John Kotter, souvent mentionné sur ce blog, a mis en lumière l’importance des émotions comme déclic du changement: ses études montrent que le cycle percevoir-ressentir-changer est bien plus efficace que le mode analyser-penser-changer. Ceci y compris dans des contextes à priori plutôt rationnels comme par exemple la qualité produit.
La question qui se pose aux promoteurs du changement est donc: quelles émotions devons-nous chercher à susciter? La terreur, la joie, le rire, l’angoisse, l’excitation,…? Cela dépendra sans doute en grande partie du sujet. J’ai noté avec intérêt que sur la thématique de l’environnement et du changement climatique, le discours catastrophiste a évolué vers des méthodes de sensibilisation plus positives. Je me souviens très bien de l’intervention de cette participante à la présentation du PCET de Saint-Etienne: “pour changer, les gens ont besoin de s’amuser”. C’est aussi le message porté par VW avec sa campagne “The Fun Theory“.

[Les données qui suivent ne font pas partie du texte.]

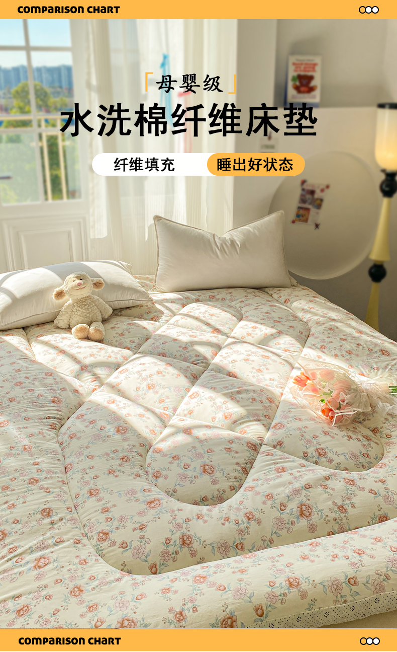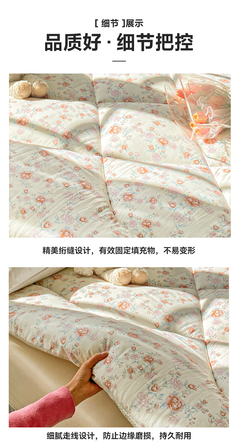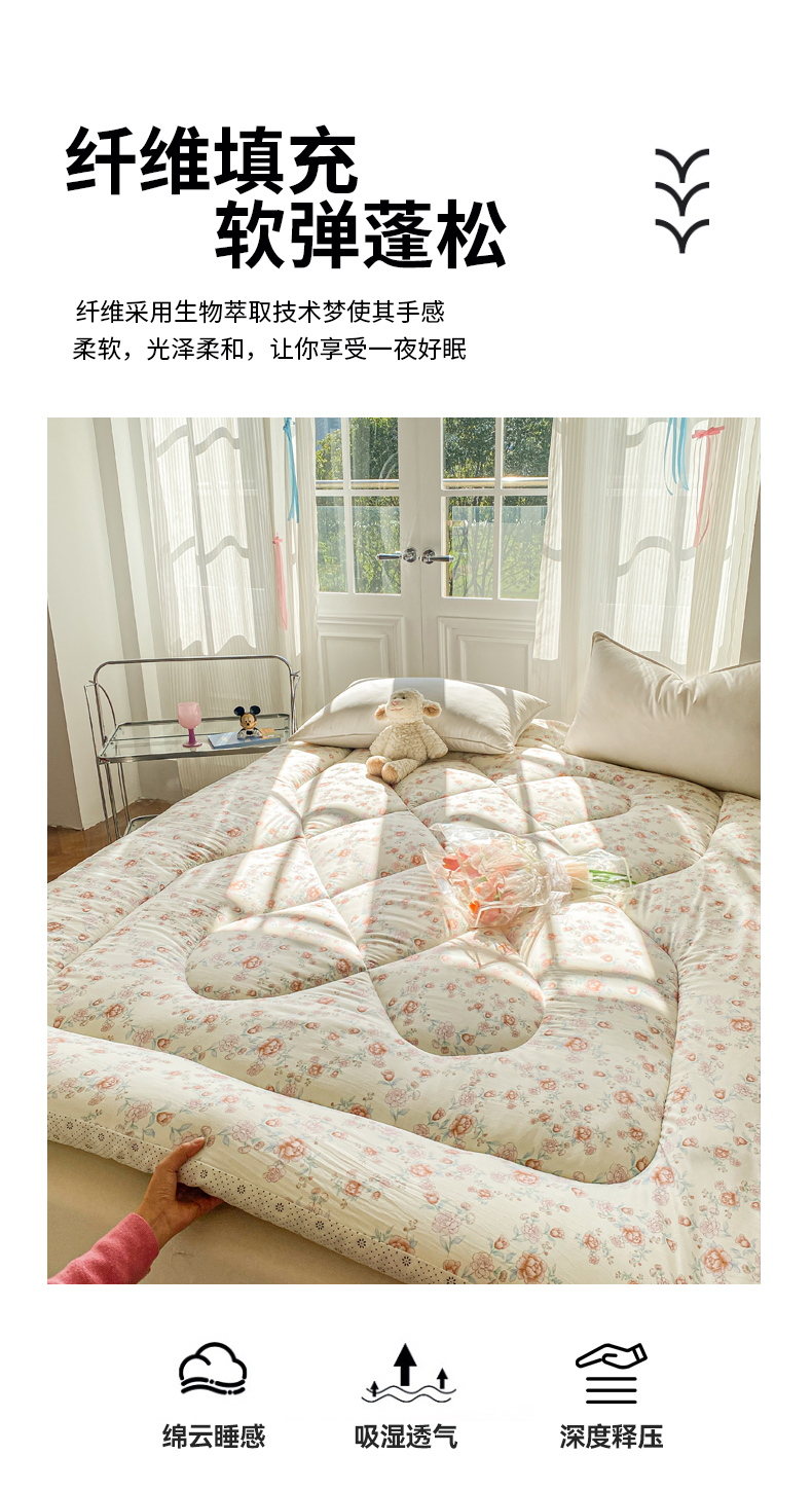 • 91家纺网 家纺一手货源 找家纺 缦卡琳家纺 2025新款水洗棉纤维羽丝棉床垫 玫瑰花语

À cet égard, la présence nouvelle d’images “choc” sur les paquets de cigarette est intéressante; c’est vrai: les images ont sans aucun doute une capacité supérieure à générer des émotions par rapport à de simples mots. Progressivement, Les autorités ont donc pris conscience des limites du simple message informatif (“le tabac nuit à la santé”) et sont passées à un mode de communication dont le but est de sensibiliser. Un premier pas avait été franchi avec les messages du type “fumer tue” qui avaient déjà fait parler. Les images désormais utilisées auront-elles un effet? Certainement, mais difficile à évaluer.
Une enquête parue dans le Parisien d’aujourd’hui (9 mai) apporte un éclairage intéressant: elle révèle que les fumeurs essayent, mais n’arrivent pas à arrêter: sur 10 fumeurs qui essayent, seul 1 aura réussi. Cela démontre que la voie vers une société sans tabac n’est peut-être pas tant la sensibilisation des fumeurs à ses dangers que leur accompagnement dans ce qu’il faut bien appeler une désintoxication. Je fais souvent référence à ce modèle de McKinsey sur les 4 facteurs agissant sur les comportements: sensibilisation (le moteur), compétences, exemplarité et mécanismes. Il s’applique très bien au problème du tabac et soulève les questions suivantes:
- faut-il des compétences (au sens large) pour arrêter de fumer? L’enquête du parisien montre que oui
- les “roles-models”, les leaders d’image et d’opinion de la société sont-ils exemplaires? Non car il y a encore beaucoup de fumeurs parmi ces gens même s’il est bien évidemment beaucoup plus difficile d’agir sur cette variable.
- Mécanismes: à part l’augmentation du prix du tabac, quels mécanismes incitatifs pourraient-on mettre en place?